_Problem requirements:_
For this exercise, repeat the whole listing below exactly. Leave the pictures out.
[Recorded information — start]
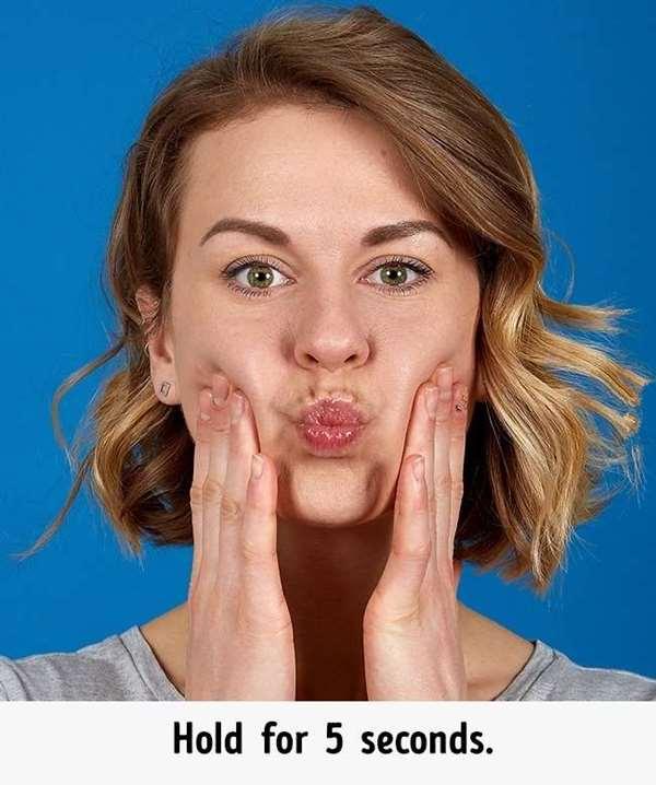 2、吸氣讓兩頰鼓起來,憋住後,用雙手壓住臉頰,感受到臉頰緊繃的肌肉,維持3~5秒,重復動作5次!
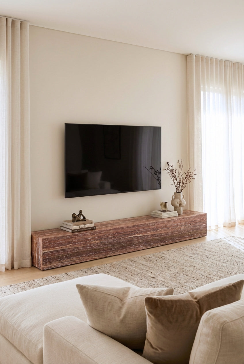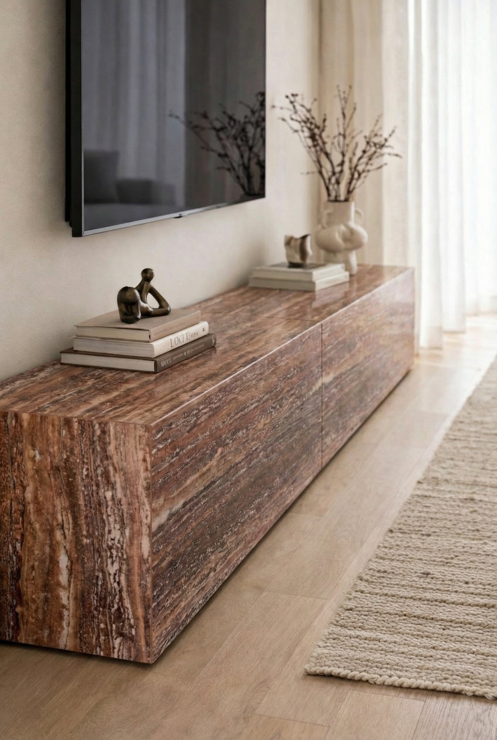 Crafted from richly veined red travertine, this sculptural TV unit is composed of two separate slabs that can be arranged freely in horizontal or vertical layouts to suit your space and styling vision. With no storage and a focus on pure architectural form, it brings a refined Hellenic character to the living area, allowing natural stone texture and timeless European elegance to take center stage.
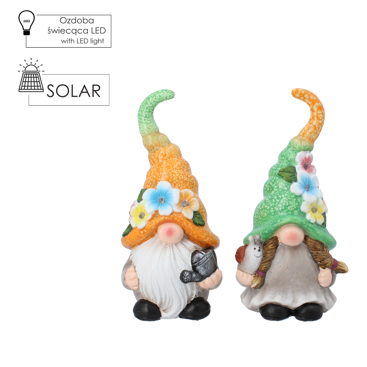 Vrtni škrat z LED osvetlitvijo – dekoracija deček ali deklica, komplet 2 kos
[Recorded information — finish]
_Answer area:_
 2、吸氣讓兩頰鼓起來,憋住後,用雙手壓住臉頰,感受到臉頰緊繃的肌肉,維持3~5秒,重復動作5次!
 Crafted from richly veined red travertine, this sculptural TV unit is composed of two separate slabs that can be arranged freely in horizontal or vertical layouts to suit your space and styling vision. With no storage and a focus on pure architectural form, it brings a refined Hellenic character to the living area, allowing natural stone texture and timeless European elegance to take center stage.
 Vrtni škrat z LED osvetlitvijo – dekoracija deček ali deklica, komplet 2 kos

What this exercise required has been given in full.